Formação: Jack Bruce (vocal, baixo), John McLaughin’ (guitarra), Dick Heckstall-Smith (saxofone), Jon Hiseman (bateria)
- Over the Cliff
- Statues
- Sam Enchanted Dick (Medley)
- Born to be Blue
- HCCHK Blues
- Ballad for Arthur
- Things We Like
Tempest – Living in Fear [1974]
Aqui a veia rocker de Jon Hiseman aparece com mais intensidade. Aqui ele mostra uma pegada violenta sem deixar de usar cada batida de forma inteligente. Um disco de hard rock bastante empolgante, com o prodigioso Ollie Halsall na guitarra, vocal e piano e Mark Clark (que também tinha passado pelo Colosseum), no baixo e vocal. Em “Funeral Empire” percebe-se como uma bateria bem arranjada pode levar um rock ordinário a um nível superior de poder de fogo. “Paperback Writer” paga tributo aos Beatles em 180 km/h, “Turn Around” é pancadaria gratuita e “Dance to my Tune” flerta com sintetizadores e tem uma pegada progressiva. Um disco que não deve ser preterido, de forma alguma, por quem gosta de rock n’ roll a moda dos 70’s.

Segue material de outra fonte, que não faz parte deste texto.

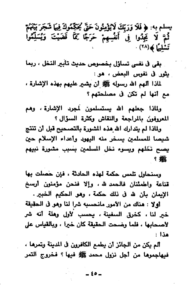 ولماذا لم يتدارك الله بهذه المشورة بالتصحيح قبل أنْ تنتج شيصاً للمسلمين يسخر منه اليهود وأعداء الإسلام حين يصح نخلهم ويسوء نخل المسلمين بسبب مشورة نبيِّهِم - صَلََّى اللهُ عَلَيْهِ وَسَلَّمَ -.

Formação: Ollie Halsall (vocal, guitarra), Mark Clark (vocal, baixo), Jon Hiseman (bateria)
- Funeral Empire
- Paperback Writer
- Stargazer
- Dance to my Tune
- Living inf Fear
- Yeah Yeah Yeah
- Waiting for a Miracle
- Turn Around
Colosseum II – War Dance [1977]
Com a ascenção do punk e da disco music, em 1977 estava ficando cada vez mais incomum ouvir-se uma refinada e climática introdução instrumental como a de “War Dance“, faixa título do terceiro e último álbum do Colosseum II. E menos comum ainda ter um som tão empolgante com a bateria tão em destaque, com seu ritmo quebrado e compassos compostos. Novamente capitaneado por Jon Hiseman, esse combo foi formado após o desmonte do Tempest e só levou esse nome por questões mercadológicas, para tentar pegar carona na fama de outrora do Colosseum. Cabe ressaltar que o Colosseum era uma banda bastante cultuada no início dos anos 70, sendo headliner de diversos festivais na Europa (você pode consultar a Poeira Zine n° 64 com a matéria do nosso querido Marco Gaspari, para saber mais sobre o Colosseum). Essa empreitada de Hiseman foi quem deu luz para a projeção de grandes nomes das décadas seguinte – o guitarrista Gary Moore e o tecladista Don Airey. O Colosseum II nesse disco tenta tirar uma lasquinha das tendências da época, lambendo um pouquinho das batidas da disco mas com muito mais cerébro embutido e levadas funky aqui e acolá. Mas os destaques do disco ficam com o boogie certeiro de “Fighting Talk” e a brilhante “Last Exit“, com lindas intersecções entre bateria e guitarra.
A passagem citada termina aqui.